Why do the logging companies want to continue to log knowing that they will have destroyed the few remaining untouched stands of old-growth forest in the Pacific Northwest? They believe that a forest is just trees. That there is no real difference between a natural forest and a man-made tree farm, planted with rows and rows of fir trees. Logging interest believe that environmentalists do not understand the forest. They see environmentalists as having a flaky religious attachment to forests, which can't be justified by the need for jobs, to control and harvest forests, and to create profits for local timber industries. Timber interests defend their logging by arguing that they "re-plant" the forests they cut, and these second-growth forests will grow to be just like the old-growth forests the environmentalists wanted to save.

But can logging companies re-create the diversity, health, and complexity of the natural old-growth forests? No, a forest is not just a crop of trees. First, of all, natural forests with their deep root systems hold the soil and water in the forest, preventing both soil erosion and flooding. Re-planted rows of trees in clear-cut areas simply can't hold the soil down and keep the water in because their root systems aren't developed enough. By the time these trees mature, precious topsoil and water will have run-off the forest. In addition, in a natural forest, dead and dying trees fall onto the forest floor and provide nutrients to enrich the soil. Finally, in a natural old-growth forest there are a diversity of insects, plants, and animals that together create a healthy forest. Re-planting trees on clear-cut land cannot replace the diverse organisms that once lived in the old-growth forests. We do not understand the complex nature of old-growth forests, and therefore can't re-create them by planting trees.

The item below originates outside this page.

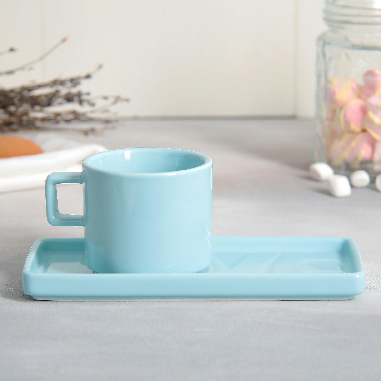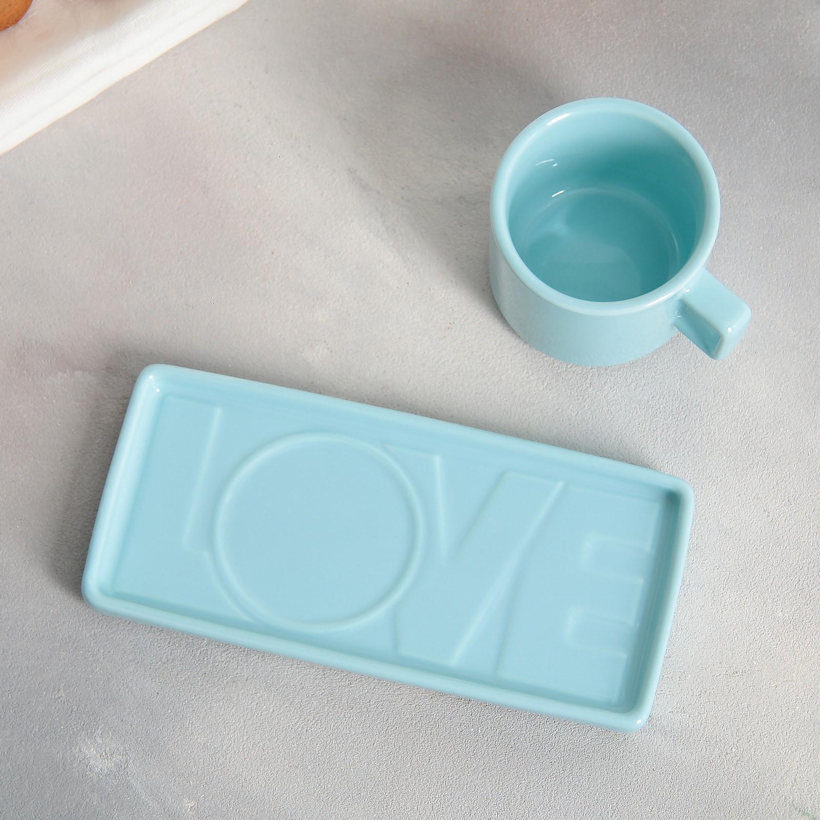 Чайная пара Love голубая, кружка 150 мл, блюдце 17,5х8 см

But the larger question remains: Why would state and federal governments, politicians, and logging interests want to quickly log the remaining untouched old-growth forests, knowing that in doing so their industry will be threatened because there will be no more trees to harvest? Logging companies and interests, just like governments and politicians, are focused on short-term profits, not on long-term interests. And this focus on the short-term allows logging companies, timber workers, and logging communities to put-off facing the long-term problems. What will they do once they have destroyed the resource that their livelihoods depend on? What will the fishing industry do after the logging companies have destroyed the fish habitats vital to sustaining their fisheries? What will local and state governments do after the logging has created such massive flooding that whole communities have been threatened? What will local communities do when the soil erosion caused by massive logging has threatened their drinking water supplies? What will the states do when their tourist industry is threatened by the destruction of fisheries and natural forests for camping and recreation? All of these questions currently go unanswered.

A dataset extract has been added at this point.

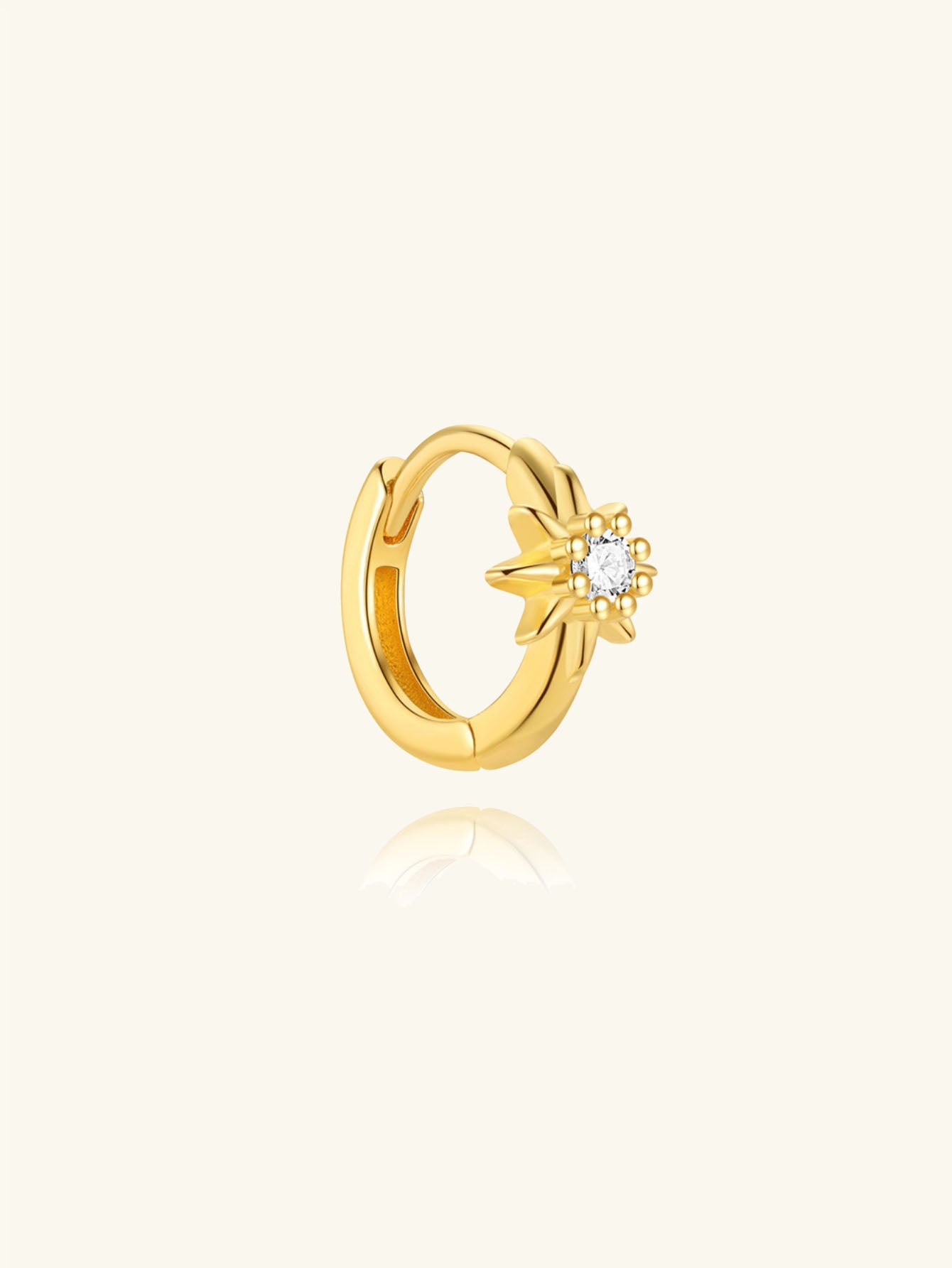 925 Sterling Silver Starburst CZ Huggie Hoop Earring

The timber industry's focus on short-term profit and destroying natural systems that we don't fully understand is a classic example of the larger causes of the global environmental crisis. We continue to believe that nature will absorb our insults to it, that we can control and re-create environments, that short-term profit is more important than long-term health, and that science and technology will soon give us the power to correct for the mistakes we made in the present. All this comes down to our arrogant attitude that the future will take care of itself, what matters is our short-term interests. Of course, the environmental crisis is proving that the future won't take care of itself. If we don't soon take action to reduce our impact on the Earth, the future will take care of itself. The loss of soils, the pollution of air and water, the collapse of fisheries, and the loss of biodiversity will weaken the ability of the Earth to support our industrial civilization. Can we afford to cut down the forests now hoping that the future will take care of itself?